[Action item]: In the entries below, find the line with "細見えNo.1】 ワンショルダーニットワンピース mry001157" and the line with "г. → Обява 47655251"; copy them and every line between them exactly, but not the pictures.

[[ Exercise data open ]]

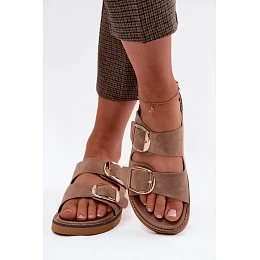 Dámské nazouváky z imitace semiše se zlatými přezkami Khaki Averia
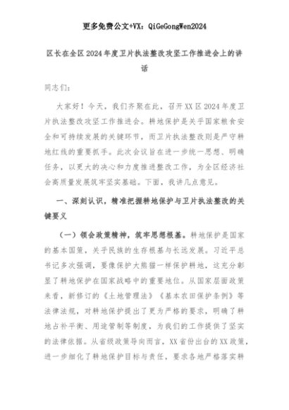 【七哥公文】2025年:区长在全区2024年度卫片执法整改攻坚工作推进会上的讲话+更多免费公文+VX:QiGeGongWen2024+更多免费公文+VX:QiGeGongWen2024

[[ Exercise data closed ]]
[[ Exercise data open ]]

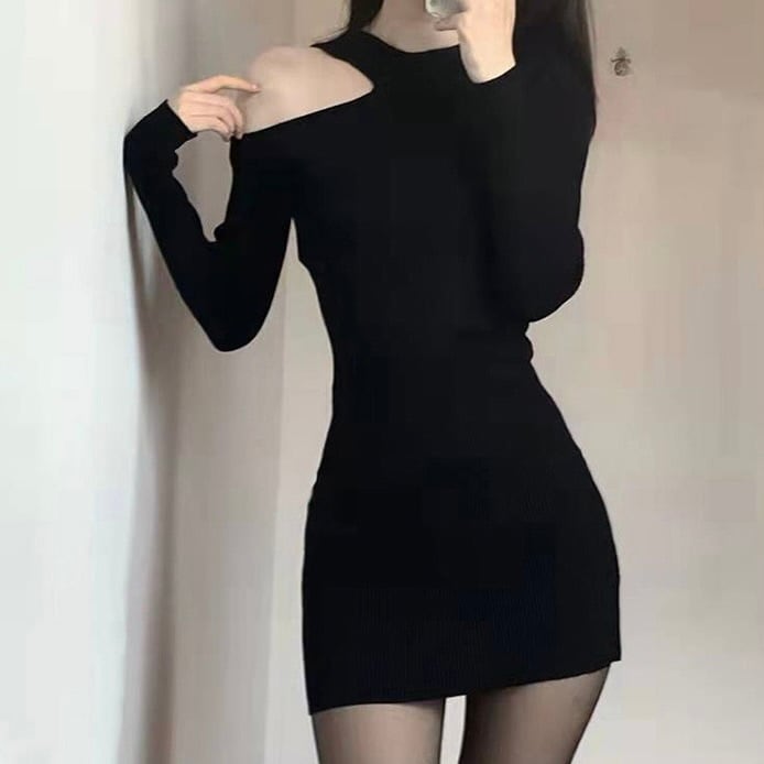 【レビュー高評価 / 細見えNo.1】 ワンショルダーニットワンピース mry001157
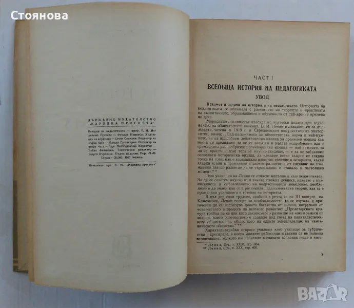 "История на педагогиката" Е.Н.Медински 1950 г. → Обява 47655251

[[ Exercise data closed ]]
[[ Exercise data open ]]

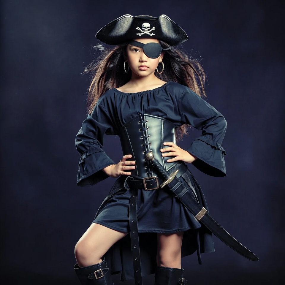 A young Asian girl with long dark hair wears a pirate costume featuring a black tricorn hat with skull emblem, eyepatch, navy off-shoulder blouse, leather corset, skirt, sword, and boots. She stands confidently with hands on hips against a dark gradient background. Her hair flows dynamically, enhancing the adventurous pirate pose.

[[ Exercise data closed ]]

[Output of the task]:
 【レビュー高評価 / 細見えNo.1】 ワンショルダーニットワンピース mry001157
 "История на педагогиката" Е.Н.Медински 1950 г. → Обява 47655251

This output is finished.